Coimbatore: The steep appreciation of rupee would lead to a loss of around 5.79 lakh new jobs in textile sector in 2007-08, according to the Confederation of Indian Textile Industry (CITI).
This includes a loss of 2.72 lakh direct jobs, besides those in the allied sectors, CITI, which brought out a report ‘Impact of Textile Export Deceleration on Employment´ after studying the consequences of rupee appreciation, said.
A decline in exports, which is a distinct possibility as of now, will impact employment in the sector negatively and can even lead to loss of existing jobs, the industry’s apex body said.
The trend of employment loss is already discernible.

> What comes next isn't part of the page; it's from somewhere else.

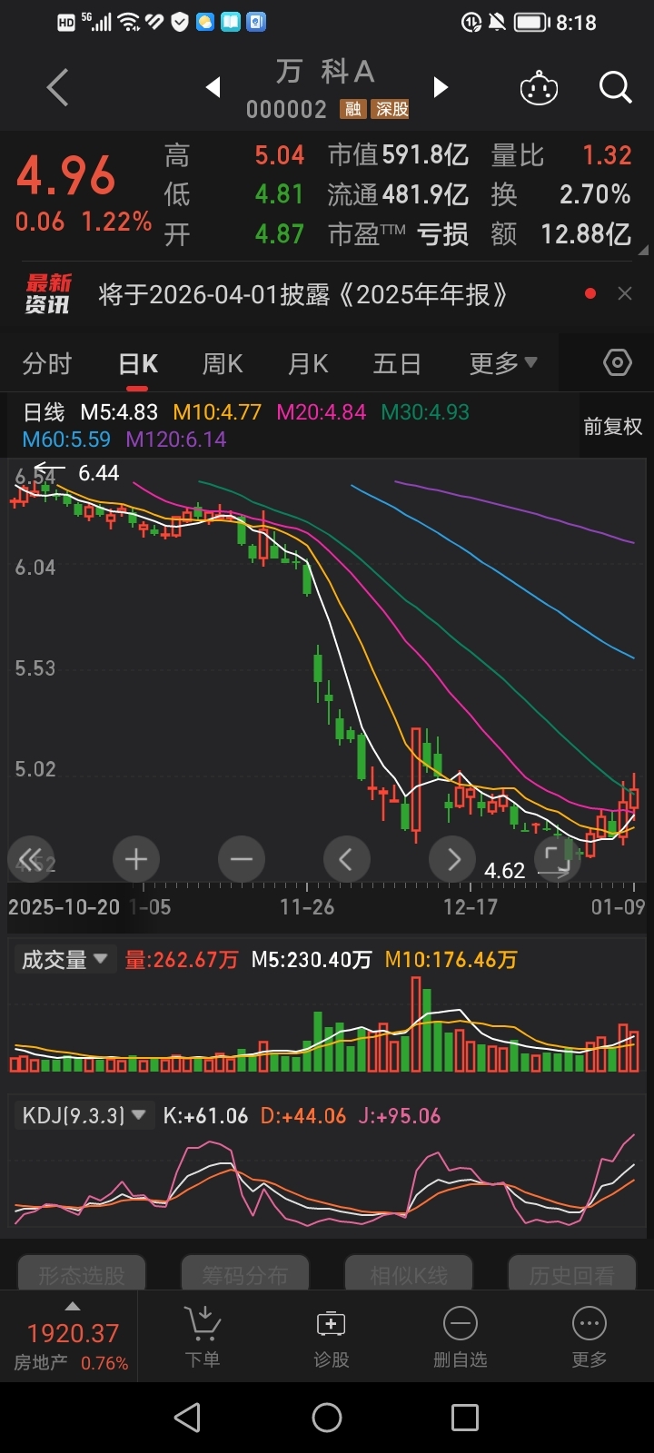 $万 科A(SZ000002)$ 等丌科涨停,大盘就见顶了。

Numbers showed that while direct employment gained from textile export has been reduced by 57,618 in 2006-07 consequent to a slowdown in exports, the allied industries suffered a loss of 65,820 jobs during the year.
The increment of total employment generation from exports had slowed down from 23.48 lakh in 2002-03 to 2.96 lakh in 2003-04 and then picked up by 25.80 lakh in 2004-05.

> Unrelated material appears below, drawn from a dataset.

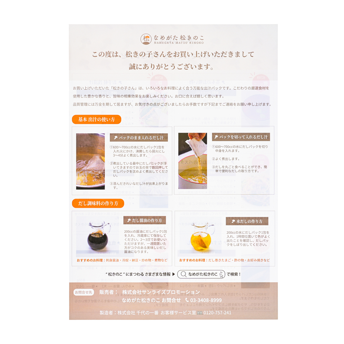 国内産のかつお節粉末、松きのこ粉末、そうだ鰹節粉末、鯖節粉末、昆布粉末、昆布エキス、かたくち鰯粉末、うるめ鰯粉末を原料に使用した万能だし。松きのことは、きのこの人工栽培を研究する途中で生まれたシイタケの仲間です
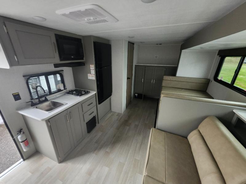 Head to the lake in this spacious trailer that can sleep five to six each night. There is a front queen bed for you, plus a sofa and booth dinette within the large slide out that doubles as seating and sleeping space. You will also find storage drawers below, and there is a pantry and closet along the rear wall for all your goodies and such. The cook will love the galley kitchen with a two burner cooktop and a 7.7 cu. ft. refrigerator for food storage. The TV prep means you can bring along your television for movie nights, and the countertop behind the sofa provides more space for belongings!

Estimates showed that deceleration in textile export growth from 16.6% in 2005-06 to 9.2% in 2006-07 (based on estimated 9.2% growth registered during April-January 2006-07) has already pushed down the total incremental employment from the textile export trade by around 1.22 lakh jobs.
The unprecedented appreciation of the rupee would lead not only to stagnation but also decline in exports of textiles and clothings, CITI said.
Unless drastic steps were taken, the loss of over six lakh jobs in 2007-08 will be one of the serious consequences of the export deceleration, it said.
The serious impact on employment growth was an important aspect of export deceleration in this highly labour intensive industry, the study said.
The total direct employment in the textile industry in March 2006 was estimated to be 33.17 million, while indirect employment generated was even higher 54.85 million which took total employment to a massive 88.02 million.
Even in the organised sector, textile accounted for 19% of the employment in the factories sector. According to the most recent estimates, the employment in the industry was expected to go up by 17.37 million over the eleventh plan period to touch 105.39 million.
While the direct employment in the industry would go up by 12.02 million to 45.19 million, the indirect employment would go up by 5.35 million to 60.20 million during the period.
The employment growth was based on the assumption of 12 per cent growth in production and 22% growth in exports, as estimated by the working group of the Planning Commission, the study observed.
According to the Research and Information System for the Non-Aligned and Other Developing Counrties (RIS) study, the total empoyment generated by textile exports declined from 21.2 lakh in 2001-02 to 16.6 lakh in 2004-05.
While direct employment went down from 9.4 lakh to 7.7 lakh, the indirect employment came down from 11.8 lakh to 8.9 lakh during the period.
Using the labour coefficients used in RIS study, CITI has estimated the employment generation from textile exports using the revised export data for the period 2001-02 to 2006-07.
Citing the study, CITI appealed to the Government to take appropriate measures immediately and arrest the rally of rupee.
If this was not possible, the Government, at least could compensate the textile and clothing exporters by returning all the State and Local bodies-level duties, CITI suggested.